__PROBLEM TO WORK ON__. Restate the entries word for word and skip every image.

DATA TO EXAMINE: Begin

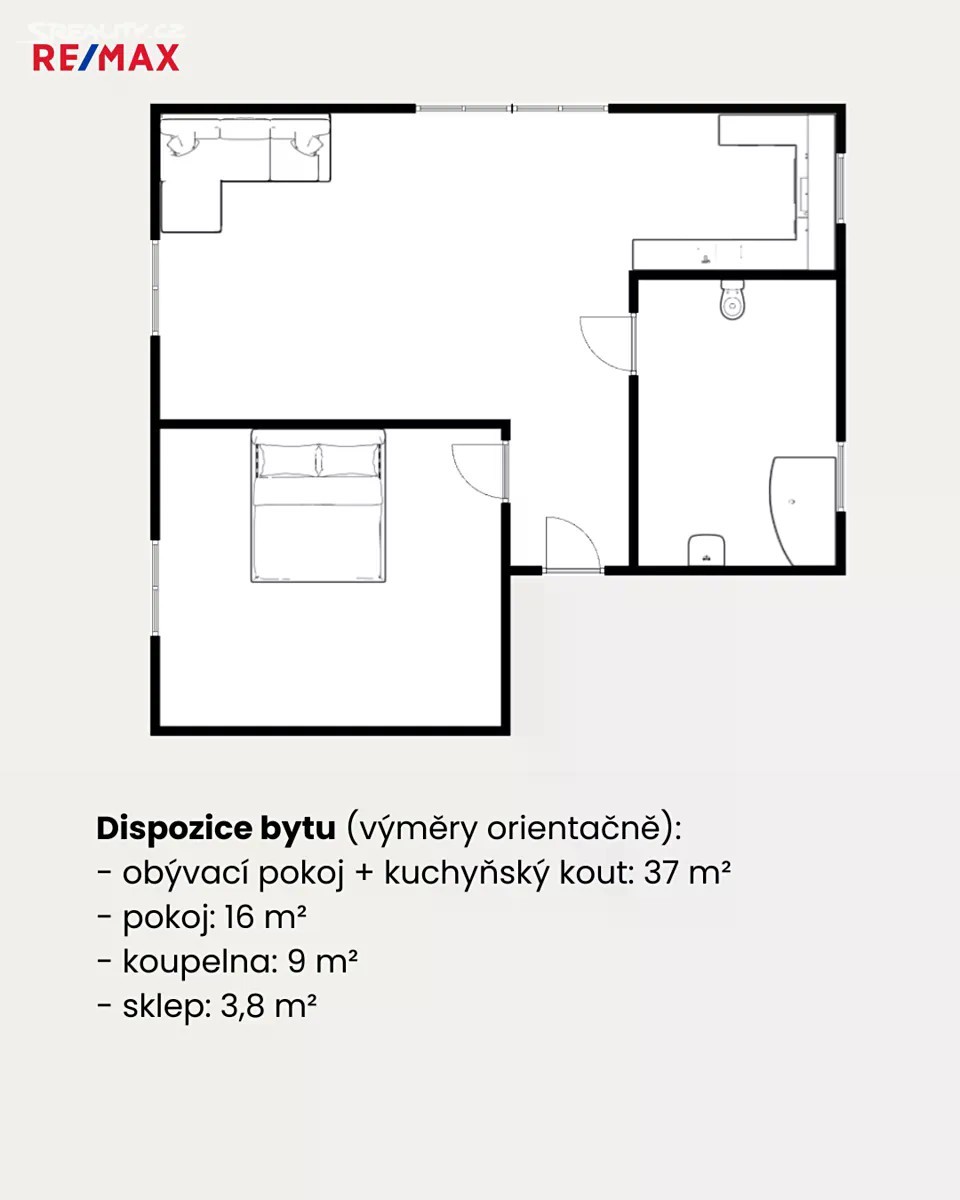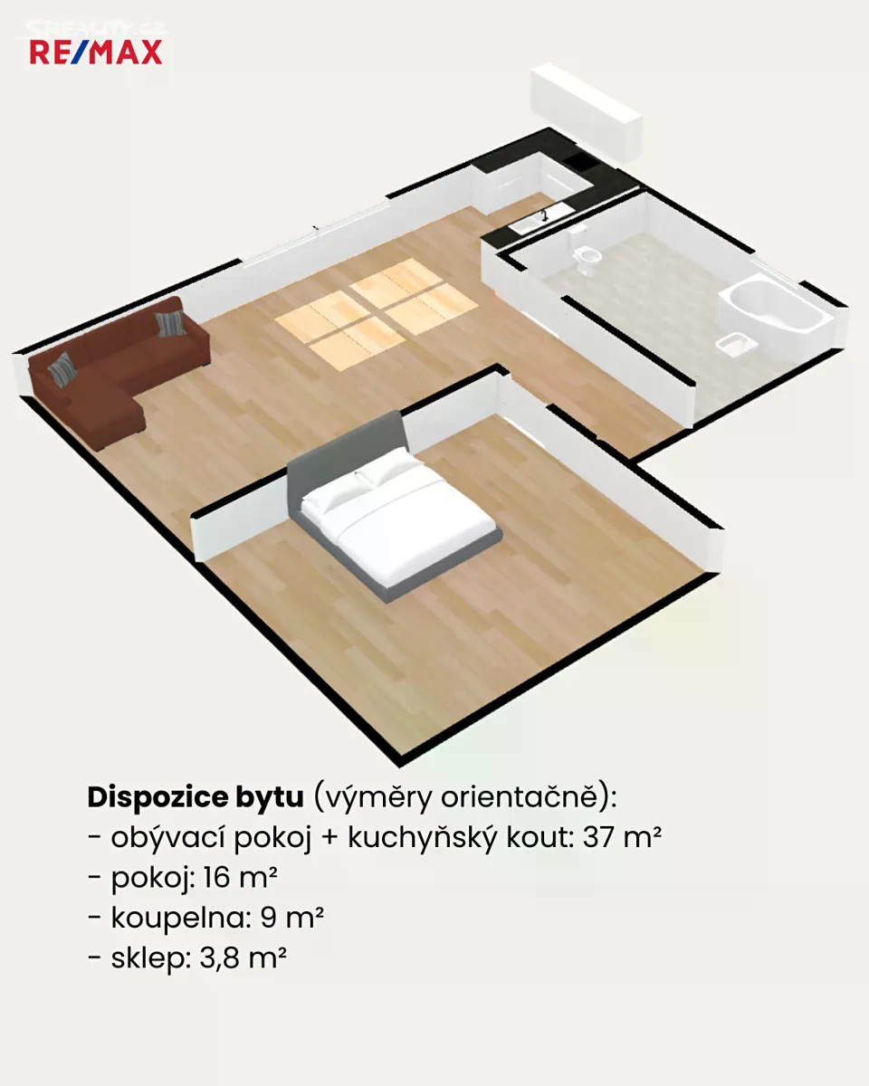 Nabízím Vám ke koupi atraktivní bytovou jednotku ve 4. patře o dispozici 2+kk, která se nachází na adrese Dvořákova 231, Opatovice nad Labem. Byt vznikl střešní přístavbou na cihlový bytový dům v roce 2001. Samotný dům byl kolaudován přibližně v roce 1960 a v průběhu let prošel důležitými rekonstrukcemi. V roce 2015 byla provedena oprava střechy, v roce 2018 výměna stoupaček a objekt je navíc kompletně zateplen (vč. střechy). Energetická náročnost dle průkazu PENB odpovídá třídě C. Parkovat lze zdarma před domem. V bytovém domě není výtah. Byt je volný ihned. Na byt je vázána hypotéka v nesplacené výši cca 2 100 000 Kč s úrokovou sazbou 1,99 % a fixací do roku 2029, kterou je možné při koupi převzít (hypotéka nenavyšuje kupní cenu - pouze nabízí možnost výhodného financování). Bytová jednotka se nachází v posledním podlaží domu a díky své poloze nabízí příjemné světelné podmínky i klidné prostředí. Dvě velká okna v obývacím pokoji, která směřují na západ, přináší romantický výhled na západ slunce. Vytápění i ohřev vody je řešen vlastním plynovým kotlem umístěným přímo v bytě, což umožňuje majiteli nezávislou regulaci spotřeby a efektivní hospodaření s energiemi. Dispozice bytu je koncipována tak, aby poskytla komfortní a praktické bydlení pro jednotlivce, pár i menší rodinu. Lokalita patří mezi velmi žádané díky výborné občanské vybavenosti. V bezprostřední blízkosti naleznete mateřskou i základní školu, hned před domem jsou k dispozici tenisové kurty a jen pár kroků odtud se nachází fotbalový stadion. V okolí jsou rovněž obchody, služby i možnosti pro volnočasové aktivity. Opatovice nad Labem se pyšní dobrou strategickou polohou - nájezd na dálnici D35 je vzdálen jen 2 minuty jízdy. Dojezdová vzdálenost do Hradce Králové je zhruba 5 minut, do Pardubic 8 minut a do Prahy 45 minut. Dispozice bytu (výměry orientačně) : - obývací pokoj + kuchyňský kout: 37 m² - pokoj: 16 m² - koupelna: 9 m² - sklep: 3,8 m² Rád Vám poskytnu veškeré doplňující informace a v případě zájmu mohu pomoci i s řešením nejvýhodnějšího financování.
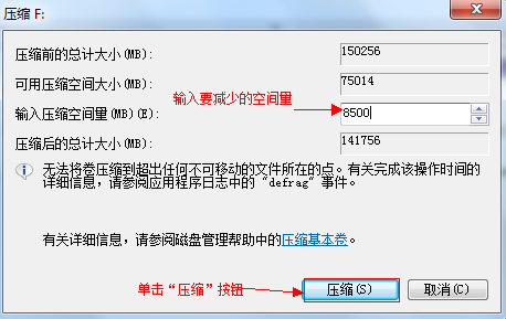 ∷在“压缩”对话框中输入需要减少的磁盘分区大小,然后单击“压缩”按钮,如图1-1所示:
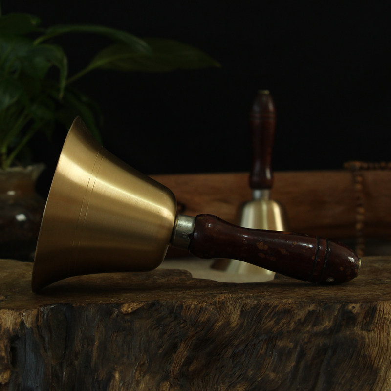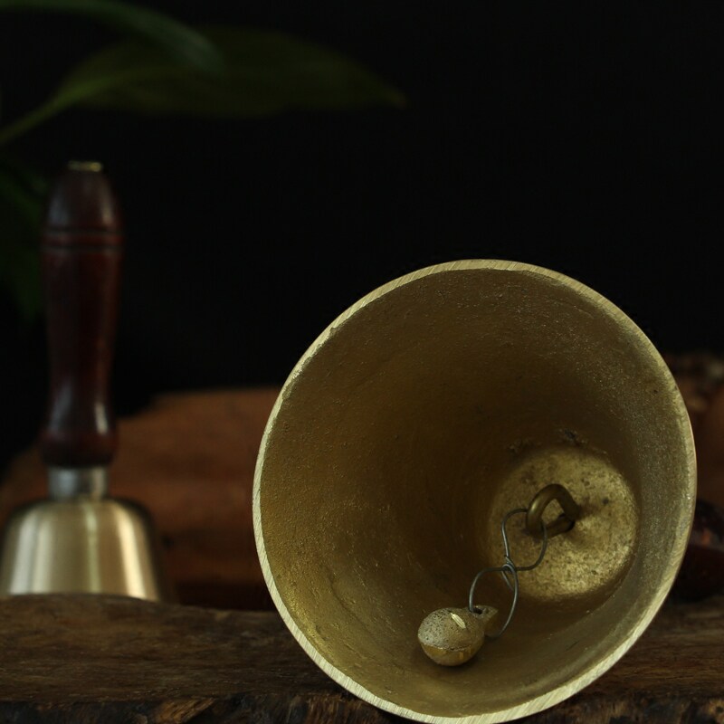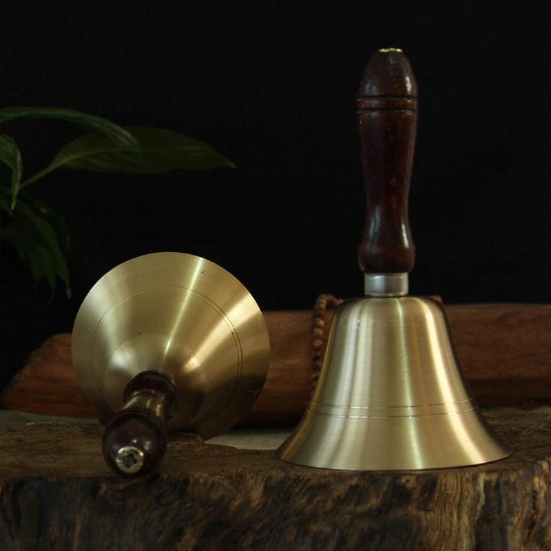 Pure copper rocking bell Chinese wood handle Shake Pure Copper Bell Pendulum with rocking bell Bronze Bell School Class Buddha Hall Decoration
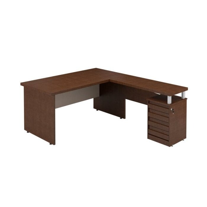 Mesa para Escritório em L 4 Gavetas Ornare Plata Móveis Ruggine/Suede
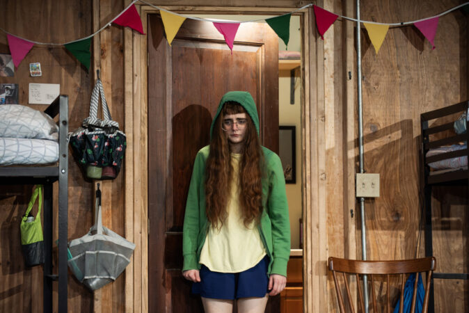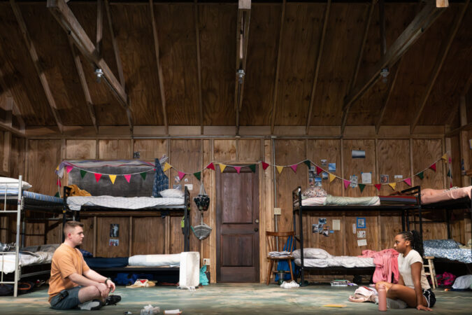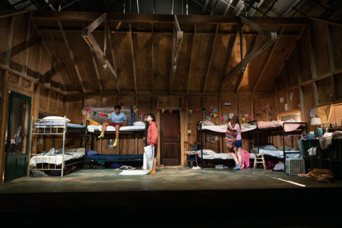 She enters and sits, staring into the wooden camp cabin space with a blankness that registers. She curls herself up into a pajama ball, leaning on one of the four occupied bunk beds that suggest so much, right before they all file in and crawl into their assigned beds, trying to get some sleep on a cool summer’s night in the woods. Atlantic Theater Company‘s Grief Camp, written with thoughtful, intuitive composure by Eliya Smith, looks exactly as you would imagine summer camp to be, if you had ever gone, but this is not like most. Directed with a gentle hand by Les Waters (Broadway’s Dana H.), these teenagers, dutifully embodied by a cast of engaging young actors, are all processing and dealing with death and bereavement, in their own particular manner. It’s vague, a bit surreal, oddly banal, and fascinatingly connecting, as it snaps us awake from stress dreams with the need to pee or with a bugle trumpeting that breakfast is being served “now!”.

DATA TO EXAMINE: End

__REPLY__.
 Nabízím Vám ke koupi atraktivní bytovou jednotku ve 4. patře o dispozici 2+kk, která se nachází na adrese Dvořákova 231, Opatovice nad Labem. Byt vznikl střešní přístavbou na cihlový bytový dům v roce 2001. Samotný dům byl kolaudován přibližně v roce 1960 a v průběhu let prošel důležitými rekonstrukcemi. V roce 2015 byla provedena oprava střechy, v roce 2018 výměna stoupaček a objekt je navíc kompletně zateplen (vč. střechy). Energetická náročnost dle průkazu PENB odpovídá třídě C. Parkovat lze zdarma před domem. V bytovém domě není výtah. Byt je volný ihned. Na byt je vázána hypotéka v nesplacené výši cca 2 100 000 Kč s úrokovou sazbou 1,99 % a fixací do roku 2029, kterou je možné při koupi převzít (hypotéka nenavyšuje kupní cenu - pouze nabízí možnost výhodného financování). Bytová jednotka se nachází v posledním podlaží domu a díky své poloze nabízí příjemné světelné podmínky i klidné prostředí. Dvě velká okna v obývacím pokoji, která směřují na západ, přináší romantický výhled na západ slunce. Vytápění i ohřev vody je řešen vlastním plynovým kotlem umístěným přímo v bytě, což umožňuje majiteli nezávislou regulaci spotřeby a efektivní hospodaření s energiemi. Dispozice bytu je koncipována tak, aby poskytla komfortní a praktické bydlení pro jednotlivce, pár i menší rodinu. Lokalita patří mezi velmi žádané díky výborné občanské vybavenosti. V bezprostřední blízkosti naleznete mateřskou i základní školu, hned před domem jsou k dispozici tenisové kurty a jen pár kroků odtud se nachází fotbalový stadion. V okolí jsou rovněž obchody, služby i možnosti pro volnočasové aktivity. Opatovice nad Labem se pyšní dobrou strategickou polohou - nájezd na dálnici D35 je vzdálen jen 2 minuty jízdy. Dojezdová vzdálenost do Hradce Králové je zhruba 5 minut, do Pardubic 8 minut a do Prahy 45 minut. Dispozice bytu (výměry orientačně) : - obývací pokoj + kuchyňský kout: 37 m² - pokoj: 16 m² - koupelna: 9 m² - sklep: 3,8 m² Rád Vám poskytnu veškeré doplňující informace a v případě zájmu mohu pomoci i s řešením nejvýhodnějšího financování.
 ∷在“压缩”对话框中输入需要减少的磁盘分区大小,然后单击“压缩”按钮,如图1-1所示:
 Pure copper rocking bell Chinese wood handle Shake Pure Copper Bell Pendulum with rocking bell Bronze Bell School Class Buddha Hall Decoration
 Mesa para Escritório em L 4 Gavetas Ornare Plata Móveis Ruggine/Suede
 She enters and sits, staring into the wooden camp cabin space with a blankness that registers. She curls herself up into a pajama ball, leaning on one of the four occupied bunk beds that suggest so much, right before they all file in and crawl into their assigned beds, trying to get some sleep on a cool summer’s night in the woods. Atlantic Theater Company‘s Grief Camp, written with thoughtful, intuitive composure by Eliya Smith, looks exactly as you would imagine summer camp to be, if you had ever gone, but this is not like most. Directed with a gentle hand by Les Waters (Broadway’s Dana H.), these teenagers, dutifully embodied by a cast of engaging young actors, are all processing and dealing with death and bereavement, in their own particular manner. It’s vague, a bit surreal, oddly banal, and fascinatingly connecting, as it snaps us awake from stress dreams with the need to pee or with a bugle trumpeting that breakfast is being served “now!”.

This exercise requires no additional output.